Segment Open
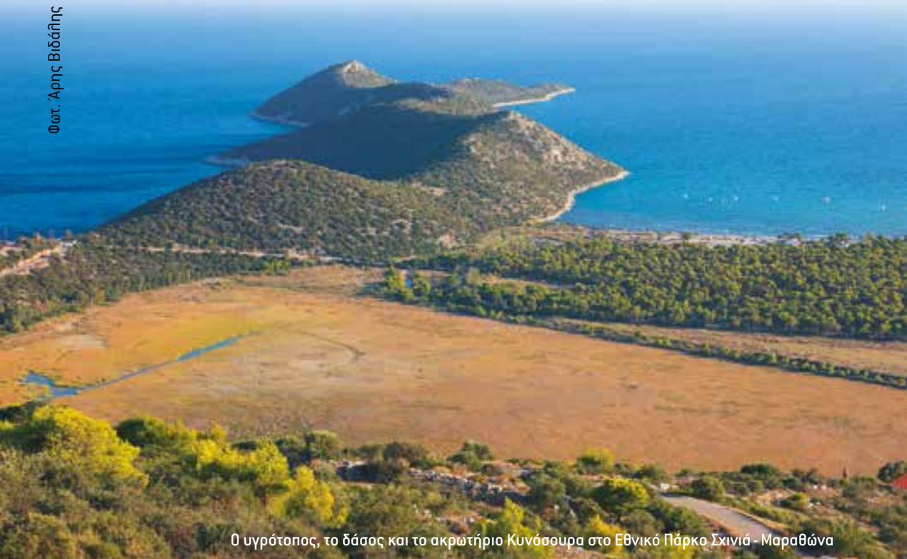
Ο υγρότοπος, το δάσος και το ακρωτήριο Κυνόσουρα στο Εθνικό Πάρκο Σινιά - Μαραθώνα

τα να διεκδικηθούν πολύ περισσότεροι πόροι για την προστασία της βιοποικιλότητας. Γι' αυτό χρειάζεται να υπάρχει ένα λειτουργικό σύστημα προστατευόμενων περιοχών, το οποίο παρακολουθείται, το οποίο διαχειρίζονται άνθρωποι με γνώση, και για το οποίο διατίθενται επαρκείς πόροι. Αυτό σήμερα δεν υπάρχει. Με το ξεκίνημα της διαδικασίας των Πλαισίων Δράσης Προτεραιότητας, δίνεται μία μεγάλη ευκαιρία αυτή τη στιγμή στην Ελλάδα να βάλει τα πράγματα κάτω, να δει τί είναι αυτό που χρειάζεται μέσα στα επόμενα χρόνια, να το κοστολογήσει σωστά και να το διεκδικήσει.
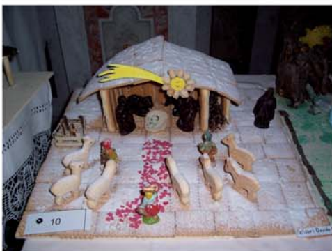
Presepe fatto da Davide Pelissa 3° Classificato
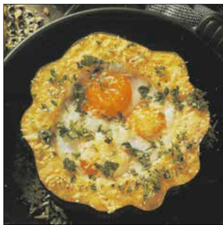
Mutatós étel a tojásos csillagtök fészékben

A csillagtökök tetejéről egy „kalapnyit” levágunk, és a magos belsejét kikaparjuk, eldobjuk. Ezután a zöldséglevesben kb. 10 percig főzzük, majd lecsöpögtetjük, de a főzővizéből egy csészényit félreteszünk. A megpárolt tököcskéket kivajazott tepsibe vagy tűzálló tálba egymás mellé rakjuk, a
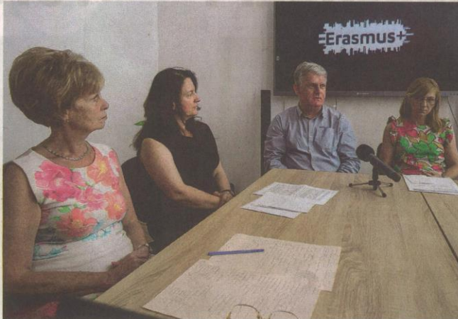
Az idei külföldi gyakorlatokra is sikeres pályázatot nyújtottak be az intézmények

Az Erasmus+ programra külön pályázat két intézmény im-
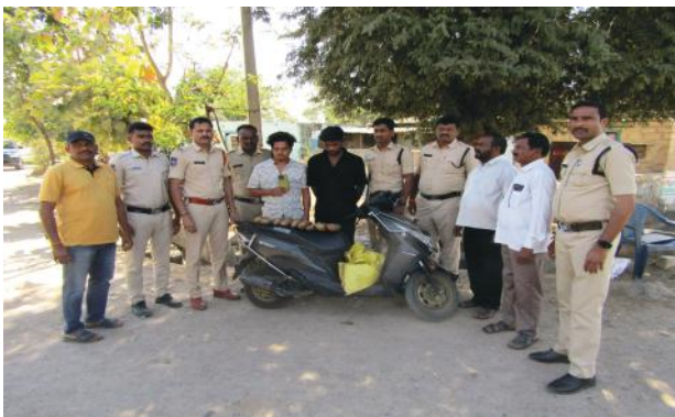
ఇద్దరు వ్యక్తులు అరెస్ట్ పరారీలో మరికొందరు..
Segment Closed
__Problem to work on__. Each entry shown above must be quoted exactly, with its pictures left out.

__Exercise solution__.
Ο υγρότοπος, το δάσος και το ακρωτήριο Κυνόσουρα στο Εθνικό Πάρκο Σινιά - Μαραθώνα

τα να διεκδικηθούν πολύ περισσότεροι πόροι για την προστασία της βιοποικιλότητας. Γι' αυτό χρειάζεται να υπάρχει ένα λειτουργικό σύστημα προστατευόμενων περιοχών, το οποίο παρακολουθείται, το οποίο διαχειρίζονται άνθρωποι με γνώση, και για το οποίο διατίθενται επαρκείς πόροι. Αυτό σήμερα δεν υπάρχει. Με το ξεκίνημα της διαδικασίας των Πλαισίων Δράσης Προτεραιότητας, δίνεται μία μεγάλη ευκαιρία αυτή τη στιγμή στην Ελλάδα να βάλει τα πράγματα κάτω, να δει τί είναι αυτό που χρειάζεται μέσα στα επόμενα χρόνια, να το κοστολογήσει σωστά και να το διεκδικήσει.
Presepe fatto da Davide Pelissa 3° Classificato
Mutatós étel a tojásos csillagtök fészékben

A csillagtökök tetejéről egy „kalapnyit” levágunk, és a magos belsejét kikaparjuk, eldobjuk. Ezután a zöldséglevesben kb. 10 percig főzzük, majd lecsöpögtetjük, de a főzővizéből egy csészényit félreteszünk. A megpárolt tököcskéket kivajazott tepsibe vagy tűzálló tálba egymás mellé rakjuk, a
Az idei külföldi gyakorlatokra is sikeres pályázatot nyújtottak be az intézmények

Az Erasmus+ programra külön pályázat két intézmény im-
ఇద్దరు వ్యక్తులు అరెస్ట్ పరారీలో మరికొందరు..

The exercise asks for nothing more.